Вслед за быком суетливо и толпой спешат разномастные коровы. Они хотят разбрестись по домам как можно быстрее к вечерней дойке. Их вымя переполнено молоком, им тяжело. А дома хозяйки, гремя подойниками, уже дожидаются своих бурёнушек.

В этом же стаде бежит разная блеющая мелочь: козы и овцы. Они даже опережают быка. Да плевали они на него! Тоже мне вожак! Ноги быстры. Если что, убегут от его рогов. Нас не догонят! И такое вот моё наблюдение: у многих овец в продырявленных ушах цветные тряпочки. У одних – красные. У других – голубенькие. У третьих – пёстренькие. Овцы все одинаковые, и хозяйки по договорённости друг с другом метили своих овец определённого цвета тряпочкой.

И позади стада идёт пастух, за ненадобностью повесив свой кнут через плечо. Каждая овца, коза или корова и без пастуха знает свой двор. Время от времени от стада отделяется та или иная животина и направляется к калитке своего двора. Калитка уже предусмотрительно распахнута. И наша тоже. Но я залезла на самый верх ворот и не боюсь. Да и чего бояться? Нашей пока ещё единственной в хозяйстве козе Маньке явно не до меня. Ей моя бабушка нужна, чтобы поскорее подоила, угостив её предварительно кусочком хлеба.

Мои наблюдения со двора продолжались, наверное, лет до пяти. Без сопровождения старших на улицу не дозволялось выходить, а я была послушной тихоней. Я боялась одна ходить даже в наш огород, вообразив себе, что в густых зарослях гороха, стена которого была намного выше моего роста, живёт некая «бука». И однажды моя фантазия подтвердилась реально, хотя это была не совсем умная шутка нашей соседки Клавы Булатовой.

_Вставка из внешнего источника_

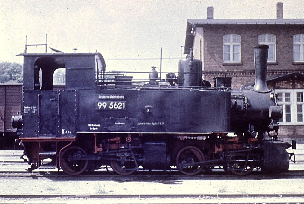 DR-Lok 99 5621 (Lenz-Typ „ii“ Mallet, ex FKB-N 7ii > 165) gebaut von Vulcan/Stettin 1902/2008 im Schmalspurbahnhof Barth 6/1967, ausgemustert 07.01.1969 Foto: Günter Barthel (†) Archiv RT

Клава, нарядившись в вывороченный наизнанку, шерстью наружу, тулуп и взлохматив свои рыжие волосы, неожиданно выглянула, да ещё с рычанием, из-за плетня, в то время как мы, девчонки, играли на улице напротив её дома. Старшие мои подружки Нина Боронина и Надя Панкова шутку приняли, засмеялись. А мы с Зойкой Конюховой впали вначале в ступор. Зойка быстрее меня завелась. С истошным криком «мама!» она понеслась по дороге, почему-то не в ту сторону, в которой был её дом. Я кричать от испуга не могла. Поддавшись Зойкиной панике, с сердцем, готовым выскочить из моей груди, побежала следом за ней. За нами, по-прежнему смеясь и больше за компанию с нами, устремились и старшие девчонки. Нина Боронина держала на руках маленькую дочурку Клавы Галиньку. Возможно, Нина опасалась, что Галинька сильно напугается, и хотела унести ребёнка от непутёвой матери.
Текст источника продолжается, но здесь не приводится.